The 2012 election exposed something else about the GOP: it’s utter lack of touch with reality, its bizarre incapacity to see and understand what was happening in the country. Think of Karl Rove’s delirium on Fox election night.
All of which has given Obama the perfect opening — perhaps the opening he’d been waiting for all along.
Obama’s focus in his second inaugural — and, by inference, in his second term — on equal opportunity is hardly a radical agenda. But it aggravates all the tensions inside the GOP. And it leaves the GOP without an overriding target to maintain its fragile coalition.
In hammering home the need for the rich to contribute a fair share in order to ensure equal opportunity, and for anyone in America — be they poor, black, gay, immigrant, women, or average working person — to be able to make the most of themselves, Obama advances the founding ideals of America in such way that the Republican Party is incapable of opposing yet also incapable of uniting behind.
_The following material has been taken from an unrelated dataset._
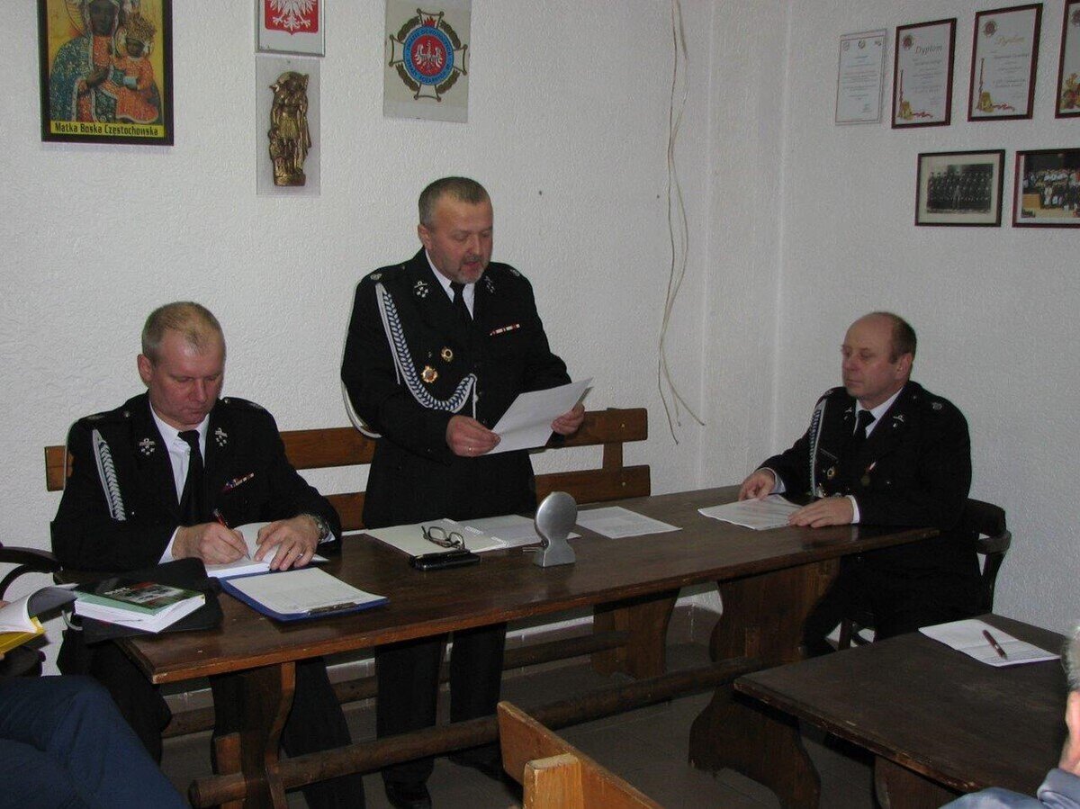 Uczestniczący w zebraniu goście: burmistrz Jan Labus, inspektor Zbigniew Koziarz i prezes Zarządu Gminnego Związku OSP RP Marek Elis złożyli strażakom podziękowania za służenie swojej wiosce i dobrą współpracę, życząc dalszego rozwoju i szczęśliwych powrotów z każdej akcji. Wybrano Zarząd i Komisję Rewizyjną na nową kadencję. Prezesem został ponownie Waldemar Konieczko, wiceprezesem i naczelnikiem Adrian Szczygieł, zastępcą naczelnika Manfred Mazur, sekretarzem Łukasz Niedziela i skarbnikiem Mariusz Szczygieł. Do Komisji Rewizyjnej weszli: Hubert Niesłony - przewodniczący, Sebastian Kansy - sekretarz i Krzysztof Paturej - członek. Na przedstawicieli do Zarządu Gminnego i delegatów na Zjazd Gminny wybrano prezesa i wiceprezesa jednostki.
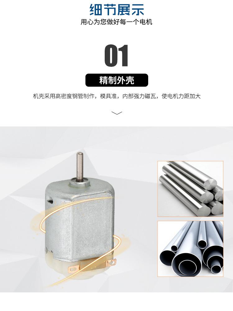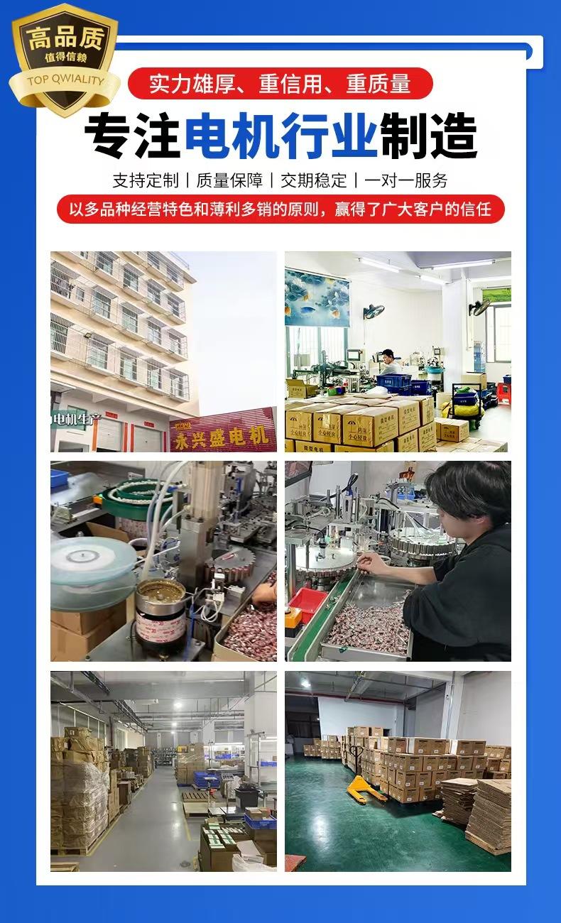 A Jieyang Yongxingsheng Micro Motor Co., Ltd. está localizada na Zona Industrial de Penglin, Rongdong, cidade de Jieyang, leste da província de Guangdong. A empresa ocupa uma área de 3.000 metros quadrados e a área fabril é de 2.400 metros quadrados. A fábrica foi fundada em 1995 e transformada em sociedade anônima em 2004. É especializada na produção de micromotores (FF030, FF/FS130, FF/FS260, FF/FS280), UF020, FFN20, RF-6, RF140, RS/RF260, RF/RS280, RF300, RS360, RS365, RF370, RS380, RS385, RF500, RF530, RS540, RS545, RS550, RS555, RS750, RS755, RS770, RS775) e outras séries. Os produtos são amplamente utilizados em brinquedos elétricos, massageadores, secadores de cabelo e outros eletrodomésticos, bem como em ferramentas elétricas, autopeças e outros setores, com uma capacidade de produção anual de 30 milhões de unidades.Os produtos da empresa são conhecidos por sua alta qualidade, preços acessíveis e entrega pontual, e também desfrutam de uma boa reputação entre a mesma indústria e clientes. E podem projetar, desenvolver e produzir de acordo com os requisitos técnicos do cliente.

History and demographics are on the side of the Democrats, but history and demography have been on the Democrats’ side for decades. What’s new is the Republican crackup — opening the way for a new Democratic coalition of socially-liberal young people, women, minorities, middle-class professionals, and what’s left of the anti-corporate working class.
If Obama remains as clear and combative as he has been since Election Day, his second term may be noted not only for its accomplishment but also for finally unraveling what Reagan put together. In other words, John Boehner’s fear may be well-founded.